BEGIN
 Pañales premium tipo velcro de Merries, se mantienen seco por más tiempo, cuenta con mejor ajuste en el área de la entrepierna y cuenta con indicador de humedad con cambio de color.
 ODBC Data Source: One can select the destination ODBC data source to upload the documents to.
END
BEGIN
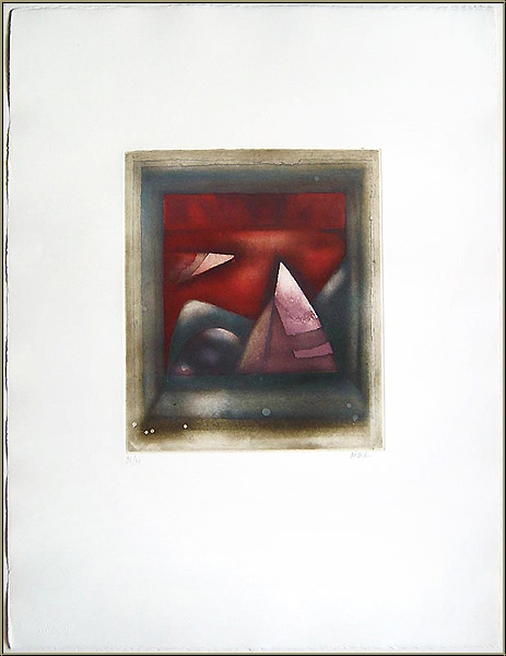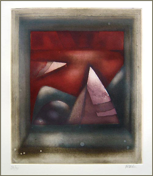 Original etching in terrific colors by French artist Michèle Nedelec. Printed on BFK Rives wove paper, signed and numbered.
END
BEGIN
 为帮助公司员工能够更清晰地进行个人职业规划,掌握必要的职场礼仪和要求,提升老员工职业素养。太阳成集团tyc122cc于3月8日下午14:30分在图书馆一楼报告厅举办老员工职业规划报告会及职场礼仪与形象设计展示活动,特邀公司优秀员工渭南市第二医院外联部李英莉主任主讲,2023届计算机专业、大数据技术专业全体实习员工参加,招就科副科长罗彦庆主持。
END
WORK ORDER:
Could you repeat exactly the lines above from the line with "Pañales premium tipo" up to and including the line with "ODBC Data Source: One", and only those?

EXERCISE SOLUTION:
 Pañales premium tipo velcro de Merries, se mantienen seco por más tiempo, cuenta con mejor ajuste en el área de la entrepierna y cuenta con indicador de humedad con cambio de color.
 ODBC Data Source: One can select the destination ODBC data source to upload the documents to.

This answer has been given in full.